**Problem details:** Reproduce exactly only the lines from the line that holds "One electronically tested" to the line that holds "D. 在B点静止不动5.如图是小君同学在大课间活动时踢毽子的情景,以下对毽子上下飞舞时所受合力的分析正确的是( )", inclusive, in the listing below, and please leave out every picture.
————————
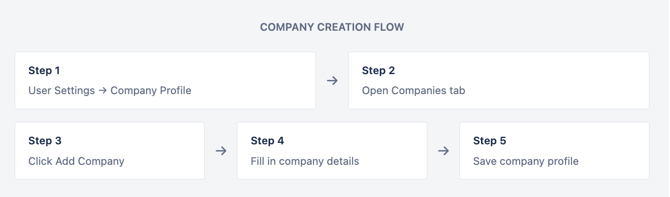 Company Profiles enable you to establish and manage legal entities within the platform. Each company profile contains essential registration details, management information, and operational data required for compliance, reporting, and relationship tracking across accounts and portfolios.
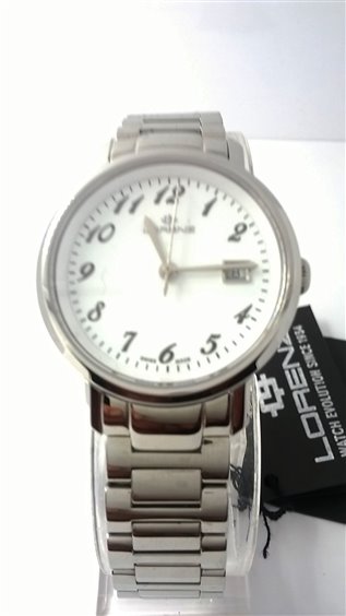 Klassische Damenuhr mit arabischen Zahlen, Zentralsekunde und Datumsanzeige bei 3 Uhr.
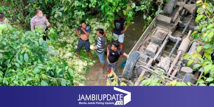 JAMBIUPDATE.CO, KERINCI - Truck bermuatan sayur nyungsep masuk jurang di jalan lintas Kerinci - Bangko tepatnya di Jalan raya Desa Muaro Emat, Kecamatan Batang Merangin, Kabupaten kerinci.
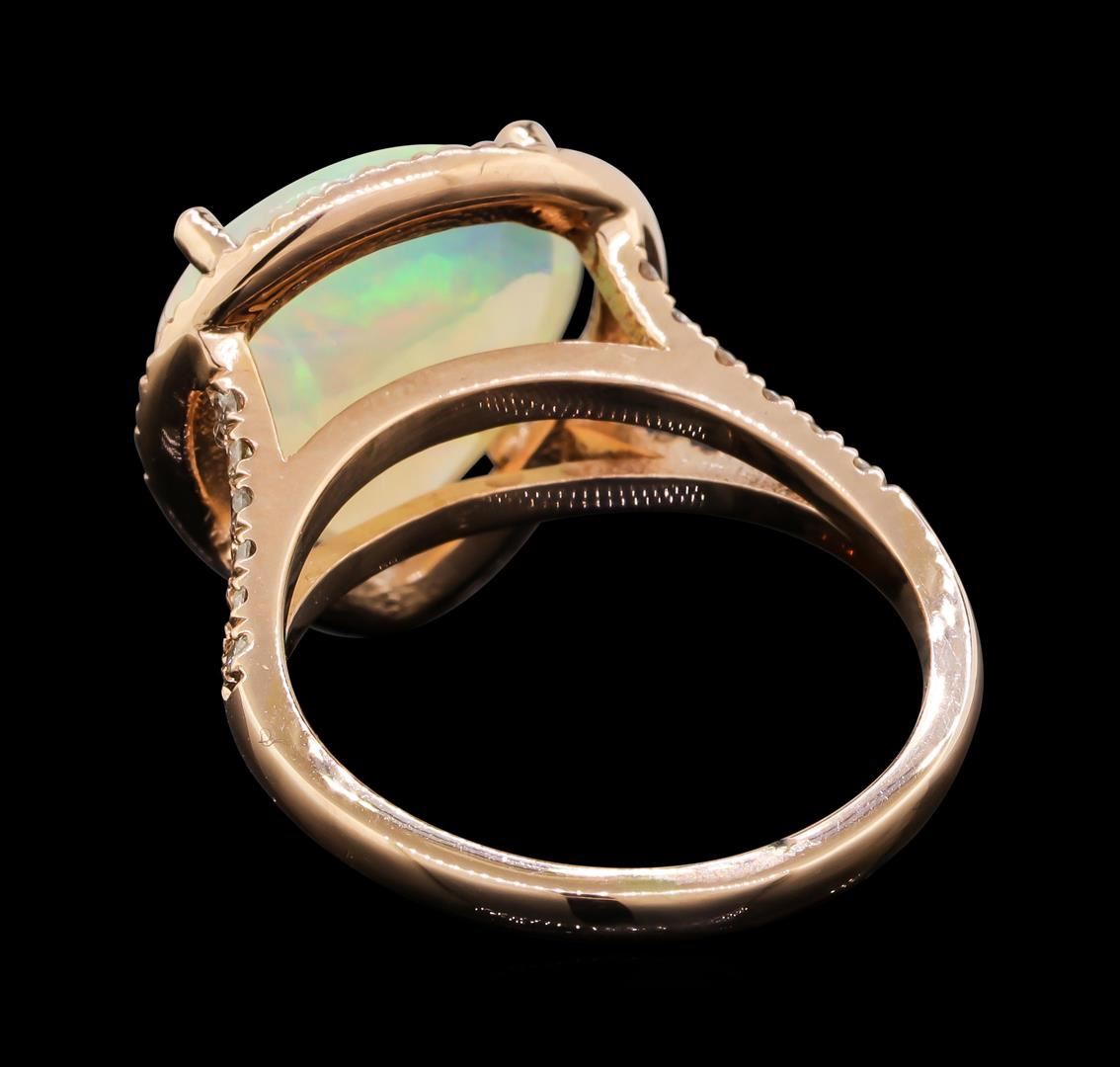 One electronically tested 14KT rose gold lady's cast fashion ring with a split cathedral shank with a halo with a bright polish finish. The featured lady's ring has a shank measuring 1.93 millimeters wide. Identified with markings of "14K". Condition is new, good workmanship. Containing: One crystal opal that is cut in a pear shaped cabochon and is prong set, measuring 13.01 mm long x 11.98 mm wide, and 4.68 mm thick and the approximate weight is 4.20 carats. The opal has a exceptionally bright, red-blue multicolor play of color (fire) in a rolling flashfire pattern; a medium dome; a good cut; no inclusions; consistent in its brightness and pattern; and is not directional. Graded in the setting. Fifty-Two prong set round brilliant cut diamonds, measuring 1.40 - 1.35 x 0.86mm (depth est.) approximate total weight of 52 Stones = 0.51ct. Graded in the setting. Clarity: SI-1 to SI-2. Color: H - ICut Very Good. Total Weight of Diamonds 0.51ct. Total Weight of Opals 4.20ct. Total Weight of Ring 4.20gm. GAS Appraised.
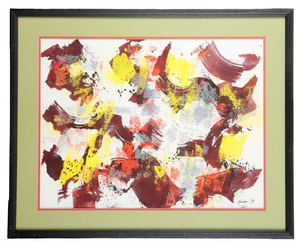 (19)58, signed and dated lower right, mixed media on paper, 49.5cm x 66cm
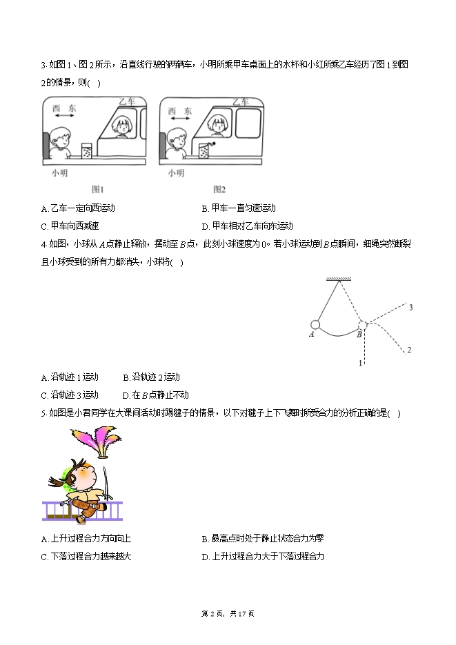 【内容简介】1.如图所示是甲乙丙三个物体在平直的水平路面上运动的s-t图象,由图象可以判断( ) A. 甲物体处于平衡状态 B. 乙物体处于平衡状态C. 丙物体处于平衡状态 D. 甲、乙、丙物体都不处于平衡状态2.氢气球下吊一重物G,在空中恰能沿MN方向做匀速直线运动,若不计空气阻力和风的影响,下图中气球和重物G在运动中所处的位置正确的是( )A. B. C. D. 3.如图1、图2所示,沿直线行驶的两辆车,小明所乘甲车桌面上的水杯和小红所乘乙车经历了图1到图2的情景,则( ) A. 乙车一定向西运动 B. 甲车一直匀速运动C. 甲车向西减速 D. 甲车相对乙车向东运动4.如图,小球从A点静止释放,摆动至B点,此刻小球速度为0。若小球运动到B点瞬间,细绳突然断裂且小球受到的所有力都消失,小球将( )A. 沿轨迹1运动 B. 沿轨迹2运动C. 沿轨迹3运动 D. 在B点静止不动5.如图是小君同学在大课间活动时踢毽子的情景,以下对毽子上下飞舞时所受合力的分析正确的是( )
————————
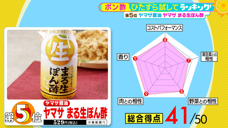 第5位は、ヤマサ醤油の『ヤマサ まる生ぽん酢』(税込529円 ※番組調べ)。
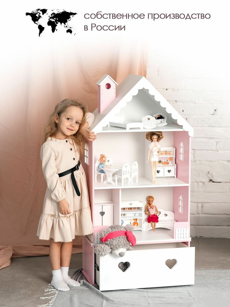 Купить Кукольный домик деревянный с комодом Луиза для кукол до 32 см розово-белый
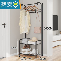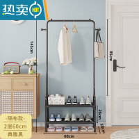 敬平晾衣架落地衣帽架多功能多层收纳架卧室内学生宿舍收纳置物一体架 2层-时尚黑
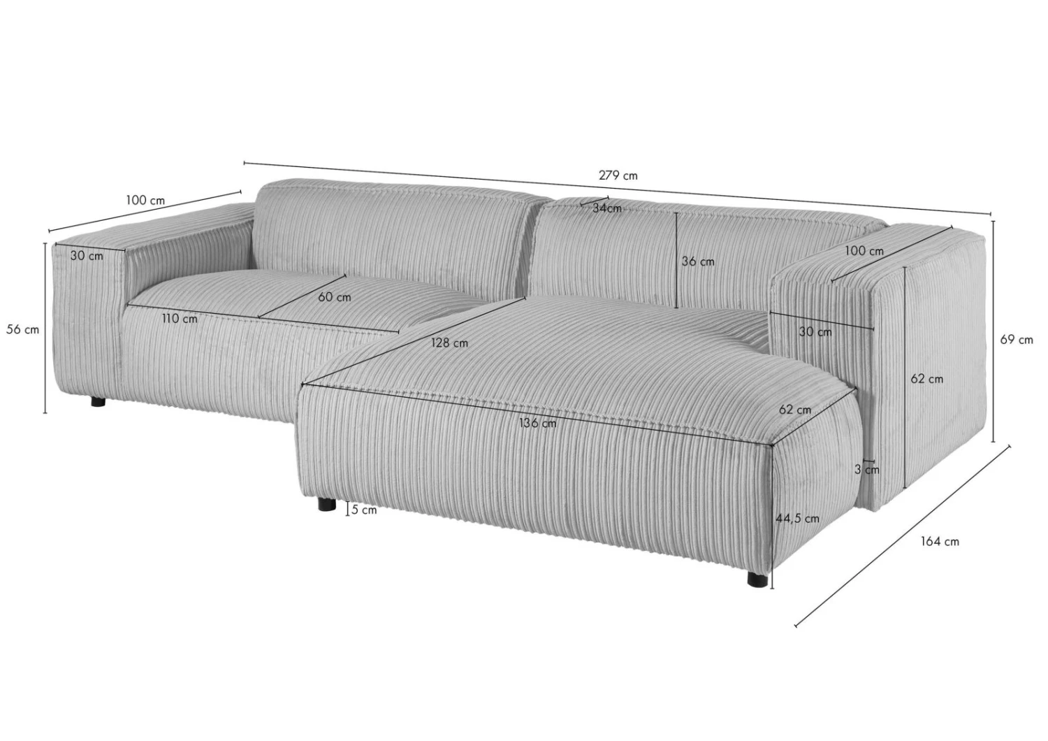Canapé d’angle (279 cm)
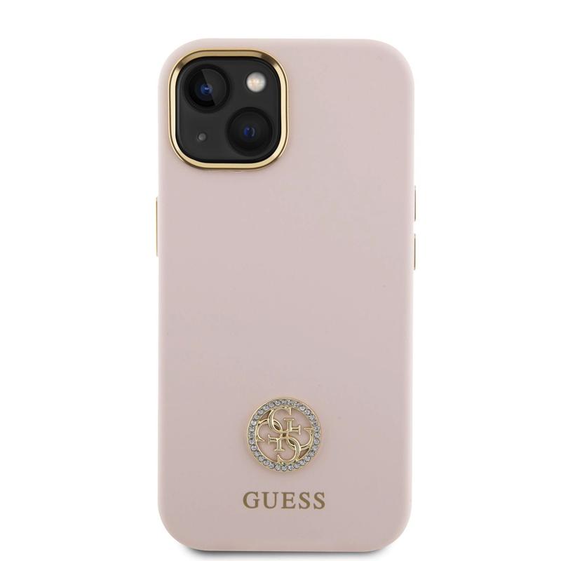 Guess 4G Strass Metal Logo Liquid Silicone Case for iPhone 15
————————
**Output of the exercise:**
 One electronically tested 14KT rose gold lady's cast fashion ring with a split cathedral shank with a halo with a bright polish finish. The featured lady's ring has a shank measuring 1.93 millimeters wide. Identified with markings of "14K". Condition is new, good workmanship. Containing: One crystal opal that is cut in a pear shaped cabochon and is prong set, measuring 13.01 mm long x 11.98 mm wide, and 4.68 mm thick and the approximate weight is 4.20 carats. The opal has a exceptionally bright, red-blue multicolor play of color (fire) in a rolling flashfire pattern; a medium dome; a good cut; no inclusions; consistent in its brightness and pattern; and is not directional. Graded in the setting. Fifty-Two prong set round brilliant cut diamonds, measuring 1.40 - 1.35 x 0.86mm (depth est.) approximate total weight of 52 Stones = 0.51ct. Graded in the setting. Clarity: SI-1 to SI-2. Color: H - ICut Very Good. Total Weight of Diamonds 0.51ct. Total Weight of Opals 4.20ct. Total Weight of Ring 4.20gm. GAS Appraised.
 (19)58, signed and dated lower right, mixed media on paper, 49.5cm x 66cm
 【内容简介】1.如图所示是甲乙丙三个物体在平直的水平路面上运动的s-t图象,由图象可以判断( ) A. 甲物体处于平衡状态 B. 乙物体处于平衡状态C. 丙物体处于平衡状态 D. 甲、乙、丙物体都不处于平衡状态2.氢气球下吊一重物G,在空中恰能沿MN方向做匀速直线运动,若不计空气阻力和风的影响,下图中气球和重物G在运动中所处的位置正确的是( )A. B. C. D. 3.如图1、图2所示,沿直线行驶的两辆车,小明所乘甲车桌面上的水杯和小红所乘乙车经历了图1到图2的情景,则( ) A. 乙车一定向西运动 B. 甲车一直匀速运动C. 甲车向西减速 D. 甲车相对乙车向东运动4.如图,小球从A点静止释放,摆动至B点,此刻小球速度为0。若小球运动到B点瞬间,细绳突然断裂且小球受到的所有力都消失,小球将( )A. 沿轨迹1运动 B. 沿轨迹2运动C. 沿轨迹3运动 D. 在B点静止不动5.如图是小君同学在大课间活动时踢毽子的情景,以下对毽子上下飞舞时所受合力的分析正确的是( )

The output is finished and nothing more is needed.